From our employer’s perspective, what we are doing is wrong, yet nothing has ever felt so right. Just as I honed my marksmanship skills, I must learn how to manage the tangle of emotions sex with Fisher delivers.

Fisher’s quiet, slow perusal is unnerving. Am I transparent? But his lips fall to mine, and he gives me the sweetest, most tender kiss. He’s still inside me, and my body clenches around him. My fervent wish is that I could hold on, just like this, forever. And there it is, the terror. The double-edged knife blade Fisher presents.

A subdued whirring noise sounds. Fisher rolls to his side. I sit up and bound to the bathroom. Fisher’s deep timbre drifts through the closed door.

“Yep…. She’s not with me right now…. Gym… Ten minutes?… Copy that.”

I pull a towel off the roll bar and wrap it around me before exiting the bathroom. Fisher’s jeans are back on, as is a fresh long sleeve heathered navy t-shirt. He holds a black baseball cap in his hand, and he’s bending the brim.

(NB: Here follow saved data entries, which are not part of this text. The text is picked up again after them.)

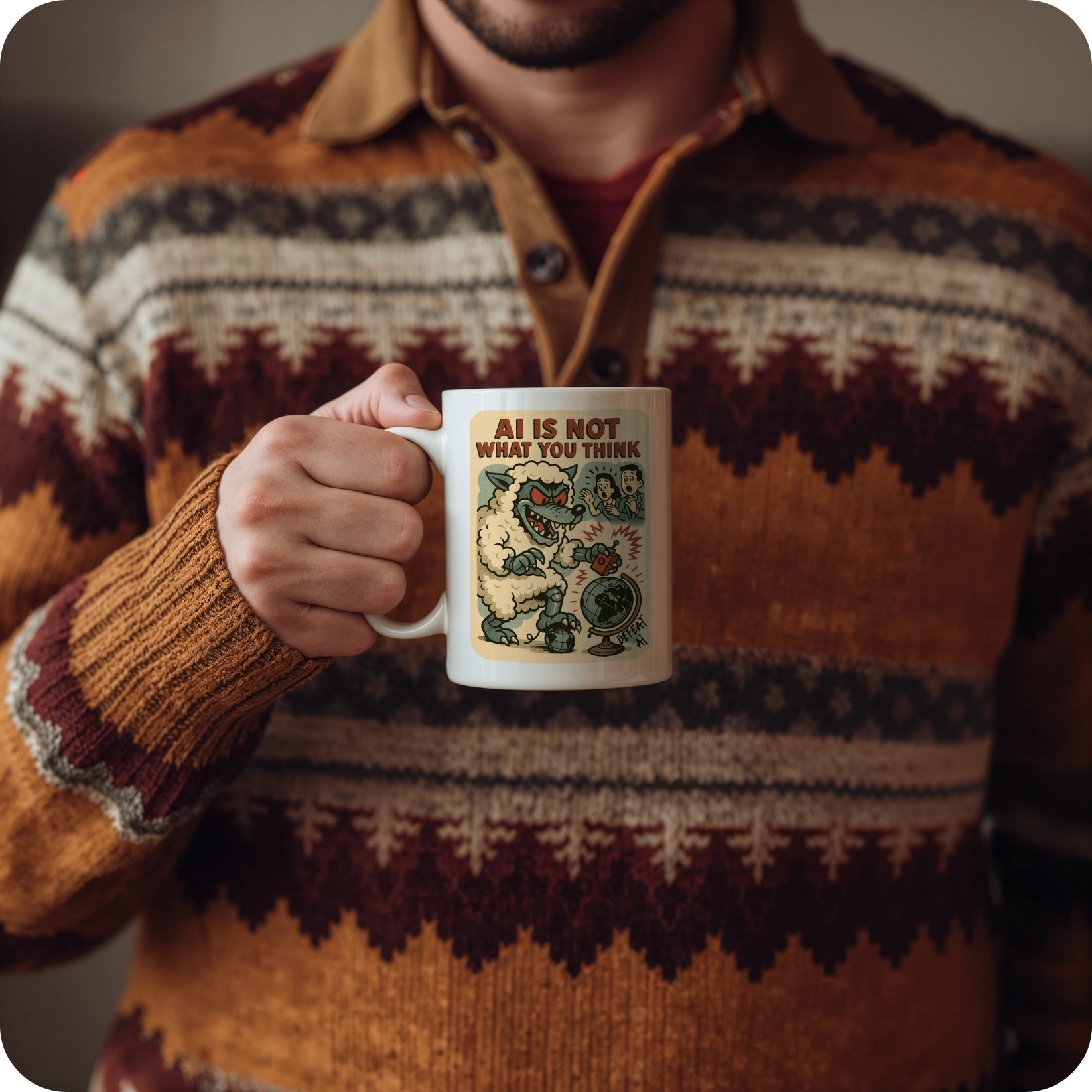 Featuring a snarling, digitized beast manipulating humans and detonating world control from behind the curtain, “The Wolf” is a retro-style red flag in ceramic form. Sip your coffee while staring down the silicon deception.
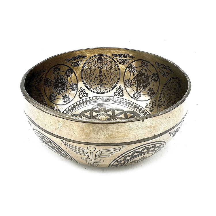 Die Tibetische Heilende Gravierte Schüssel mit einem Durchmesser von 16 cm und 7 Chakra-Symbolen ist ideal für Yoga-Praktizierende und Meditiationsliebhaber. Diese Schüssel verkörpert die spirituelle Tiefe des Himalayas und ist speziell dafür entworfen, Harmonie und Balance in Ihr Leben zu bringen.
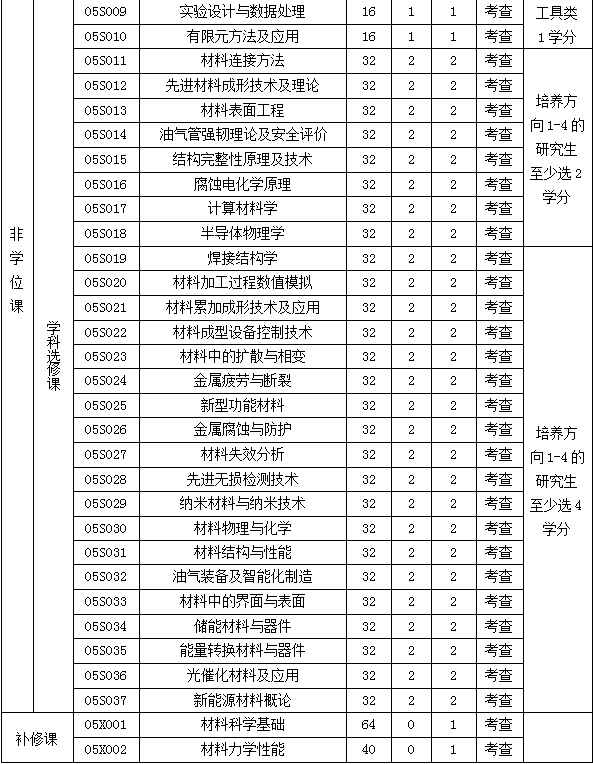 2.补修课:不计学分。跨学科、专业或同等学历录取的培养方向1-4的研究生,须补修材料类本科专业《材料科学基础》和《材料力学性能》2门主干课程,并列入公司产品计划。
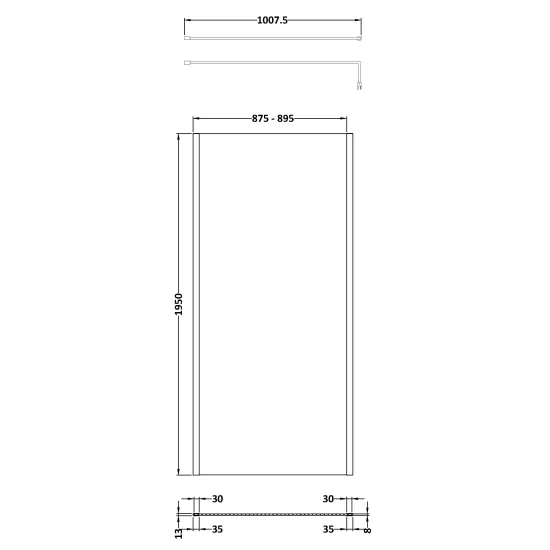 900mm Outer Framed Wetroom Screen with Support Bar
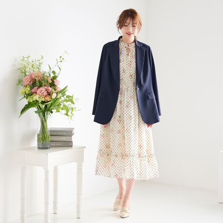 フリル襟に控えめなリボンのブラウス風デザインとふんわりボリュームを持たせたスカートが愛らしく上品な雰囲気に仕上げました。
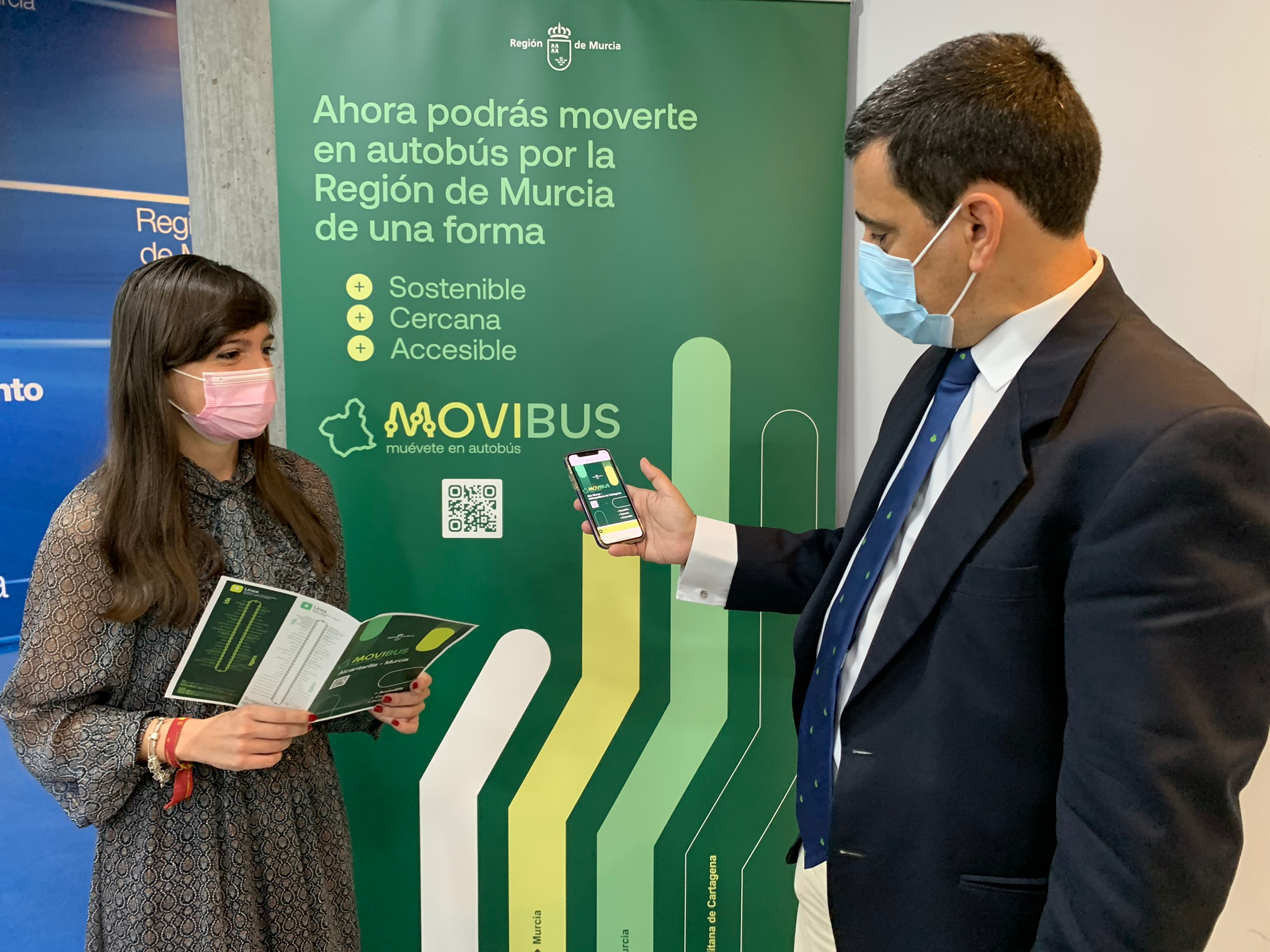El consejero de Fomento e Infraestructuras, José Ramón Díez de Revenga, y la directora general de Movilidad y Litoral, Marina Munuera, durante la presentación de la marca y la campaña de difusión del nuevo sistema de movilidad interurbana de la Región de Murcia, `Movibus´ (1)
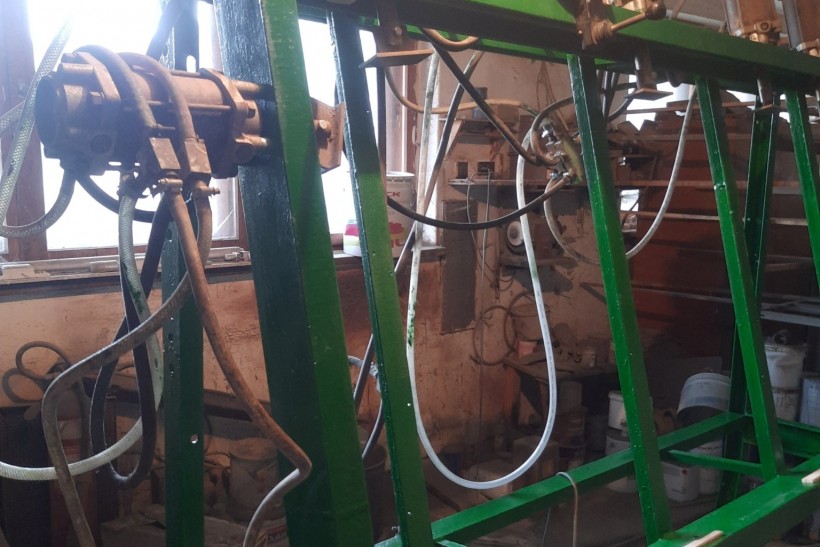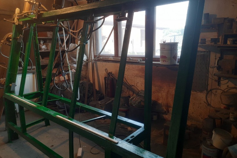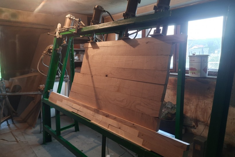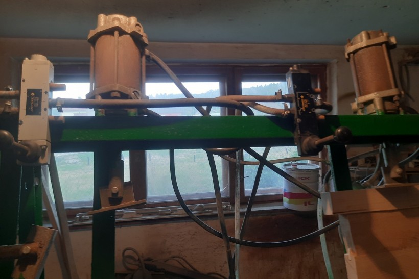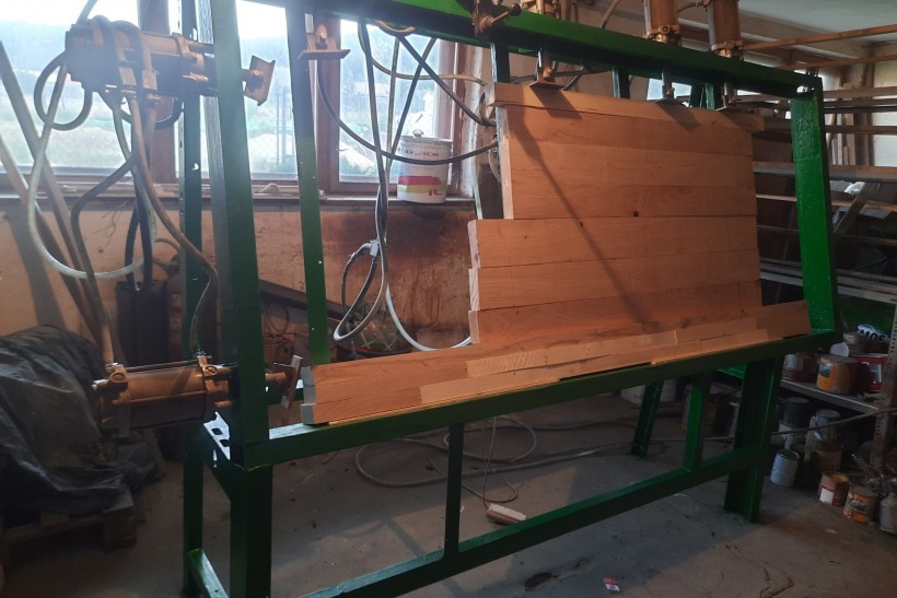 Sprzedam prasa pneumatyczna stan bdb, 4 siłowniki góra + 2 dociski boczne, pole o wymiarach 90x235. Masywna konstrukcja, duży nacisk. Idealna do klejenia schodów, drzwi, blatów.

“Who was that?” The Toros should’ve already left. If they didn’t get away earlier as planned, they’re not getting out of here for at least twenty-four hours, judging from the limited visibility out the window.

“Aunt Rita.” His penetrating gaze travels to my towel. “Told her you went to the gym. You ah, might want to change.”

“We’re doing a video call?”

“Yep. They have confirmation the Toros are no longer in Canada. I imagine she wants to recap this op and review next steps.”

Fisher leaves me in the bedroom, and I get dressed quickly, putting on a gym outfit of leggings, a jog bra and sweatshirt. I gather my hair into a ponytail, combing out the frazzled knots on the back of my scalp.

In the den, Fisher has his laptop set up on the small dining table. Two resort water bottles sit beside it.

“Ready?” The position of his shoulders, the straight lips, and his upright posture are all indicative of work-mode. It’s good he easily falls into work mode, because I feed off his energy, and by the time I’m in the chair he’s pulled out for me, my focus has returned.

Since it’s his government issued laptop, he handles going through the CIA portal and setting up our video meeting. Rita appears on screen. I’ve never met her in person before, and she’s not at all what I expected. Her black, coiffed hair looks like she took it out of rollers, teased it, and hair sprayed it in place. Narrow spectacles hang down her neck, and square glasses with rounded edges in a blue plastic frame perch on her nose. The skin below her chin dangles, and she puckers her lips as she presses buttons. When the camera opens on her end, we can tell instantly because those puckered lips relax into a grandmotherly smile.

“Hi, you two. Having a good vacation?”

I slide my hands beneath my thighs and smile back at her. One thing they teach us is to lead every conversation with care, and I wonder if that’s why she’s kicking off our session like this. But we called her from the privacy of our suite. It’s not like we’d call her if housekeeping was in the room with us.

“All good,” Fisher answers.

“How’s the storm there?”

“It’s picking up.” Snowflakes blow both vertically and horizontally out the window, and thick, hazy clouds obliterate the mountain peaks.

“Here too.” Rita’s comment leaves me wondering where she is, but that’s not my business. “So, here’s the plan. When you can get back out, catch a flight to Los Angeles. Then head home to Santa Barbara. I might even come out to visit you both.”

“Will we be on a tight schedule?” Fisher’s frown lines deepen. An uneasy feeling surfaces.

“My plans are up in the air,” Rita answers. “Might be a week or two, maybe more.”